While the whole town attends the christening of Jane's baby, Emily fights to get her poem's back from Sam.


Emily has to take ownership over her life again — and that means taking her poems back. This is not an easy task, given Bowles’ increasingly manipulative tactics; when she expresses her desire not to be famous, he accuses her of “virtue signaling,” and “false modesty.” Then he praises her poems, “it got reactions” and pulls his schtick of “just trying to help you.”

“Don’t you want to build an empire,” he says. “I had an empire” she replies before he and Sue stole it. From this, Sam realizes that her concern is about more than poetry. “Don’t let your emotions get in the way of your career. That always happens to women” he says, the layers of dismissal giving way to rote misogyny. He simultaneously compliments her and puts her down — negging, for lack of a better phrase.

Emily stands firm and reaches for her poems. But Sam is faster, and he runs off. “You are the devil,” she calls at him. “I am a feminist!” the b*****d responds. And all seems lost until Maggie brings out the poems which she slipped out of Sam’s bag before he left.

Nobody appears again and warns Emily. “You have wars to fight Emily Dickinson, but you must fight them in secret. Alone, unseen. You must give all the glory to yourself and ask for nothing in return. You must be a nobody. The bravest, most brilliant nobody who ever existed.”

Everyone has gathered in the church for Jane’s child’s christening. Austin is the godfather, which throws into relief how tense his and Sue’s relationship has become — they speak to each other only in veiled barbs, each having layers of meaning and resentment.

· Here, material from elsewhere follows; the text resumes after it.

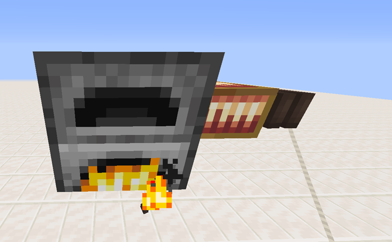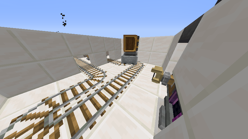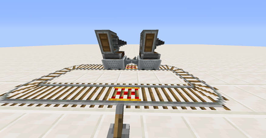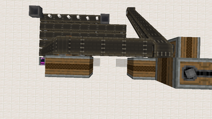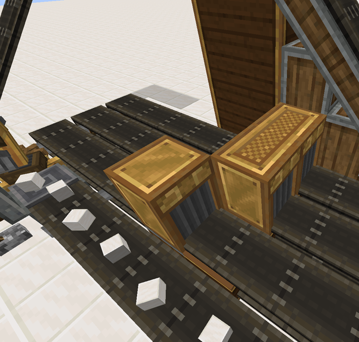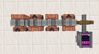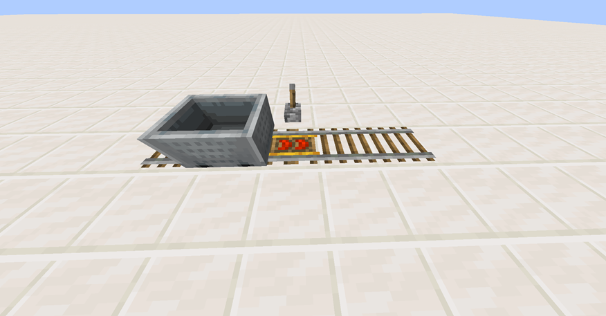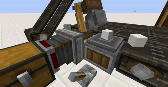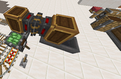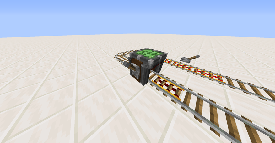움직이는 구조물에 장치를 설치하는 것과는 거리가 멀지만 화로 카트를 이용하는 팁 하나를 더하자면, 구조물을 탑재한 혹은 그런 카트와 연결된 화로 카트를 가지고 자동으로 화물을 수송해야 할 때, 다음과 같이 화로 카트에 Deployer로 석탄 등의 연료를 공급할 수 있습니다. 이 때, 방향을 제어할 수 있는 레일을 같이 사용하면, 자동으로 움직이고 정차하는 기차 시스템을 만들 수 있습니다.

The ceremony is interrupted by a fire set off by the orphans.“It’s the 1850s, things burn down all the time,” Austin says, attempting to avoid scrutiny. Everyone regroups at Austin’s house, where, without Sue by his side, he gives a rousing speech that wins over his parent’s doubts.

The Dickinson parents seem to have solved their marital problems, and Edward is breaking out of his stern, materialistic shell. He mentions having some sort of vision, and his wife tells him he reminds her of their crazy daughter. “Maybe Emily’s not that crazy,” he says.

Lavinia discovers that Ship plans to move to New Orleans — and has already bought a house there for them to live in! With the Civil War on the horizon, she has no desire to move south. “I am a shrew Yankee witch — respect that,” and they break things off once again.

With everyone at Austin’s, Emily is home alone, until Sue arrives at her door. Emily does not want to talk. She’s upset; believing that Sue pushed Emily to care about Bowles when she wanted him all for herself. She kicks Sue out, but she refuses to stay quiet. “I couldn’t handle the things your poems make me feel,” Sue says. “I got scared… overwhelmed.” Emily’s poems, her letters, her devotion were too much for a newly married woman to handle, and she pushed her on to Sam so that the poems could be public, rather than just her’s.

Sue was dealing with an overwhelming friend/lover, one who can become a burden. Emily is too hurt to take it in. “Without me, I don’t think you know how to have feelings,” she shouts. It’s cruel, but not unearned. “You’re right,” Sue responds and starts confessing her love for Emily.

It takes a moment for Emily to believe her, but when she does, and resentment is gone. They begin passionately kissing, all the barriers between them are down and their love and lust come forth.

As Frazar Stearns leaves for war, Sue and Emily lie in towels. Sue confesses that her time with Emily is “the only time I feel alive.” Having gone through this journey questioning fame; wondering if having an audience is necessary for a poet, she’s found the perfect conclusion. “That’s all I need, that’s all I’ve ever needed. I write for you.”







  • The episode's title and themes are based on "You cannot put a Fire out —" Poem #530 by Emily Dickinson.[1]